Quando chega o aniversário dos pequenos, a expectativa também envolve os pais, que querem oferecer uma festa bem legal. Como organizar um evento de sucesso especialmente para eles?
Aniversário sempre é uma data emocionante na vida das pessoas. Um frio na barriga, surpresa, festa, crescer e mostrar mais dedinhos quando vem a pergunta - Quantos anos você tem? Um dia assim tão importante não pode passar em branco. Desde um pequeno bolo com amigos até uma grande festa.
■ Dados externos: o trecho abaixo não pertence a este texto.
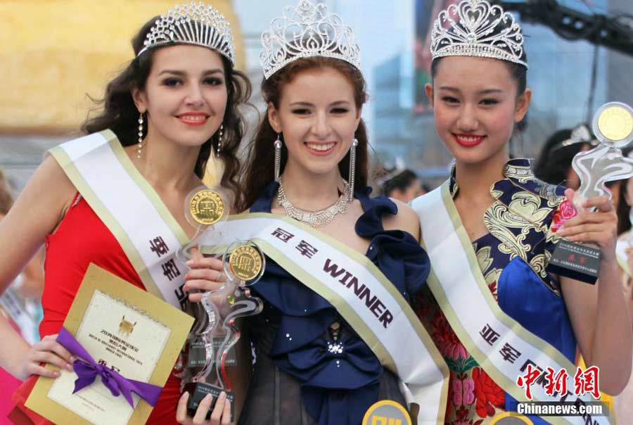 The 2014 International Gold and Jewelry Beauty Queens Contest in held in northeast China's Liaoning province, with contestants from Argentina, Australia, Germany, Finland, Russia, Ukraine, Poland, Mongolia and China. (China News Service/Qian Xingqiang)
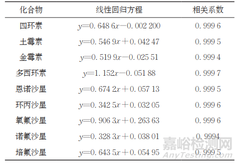 在空白海水魚基質中加入標準溶液,制備一系列低濃度加標水平的海水魚樣品(加標量1.00,2.00,5.00,10.00μg·kg−1),按照試驗方法測定。以信噪比接近3,10的加標量作檢出限和測定下限,檢出限和測定下限分別為2.00,5.00μg·kg−1。

Antes de escolher um buffet certifique-se do espaço (a capacidade para pessoas sentadas, limpeza, conservação dos brinquedos e , ao mesmo tempo, aconchegante), da higiene, se os salgados são fritos e assados na hora (é sempre bom experimentar) e se são servidos durante toda a festa. O bolo também não pode ser só bonito, tem que ser saboroso. As bebidas que estão inclusas (se possui limite por pessoa), a qualidade das bebidas. Procure visitar o buffet durante o dia, e peça para ver a cozinha e não deixe de entrar nos banheiros.
Ah, tem estacionamento para os convidados? O local é de fácil acesso para os convidados, ele terá facilidade para estacionar o seu veículo?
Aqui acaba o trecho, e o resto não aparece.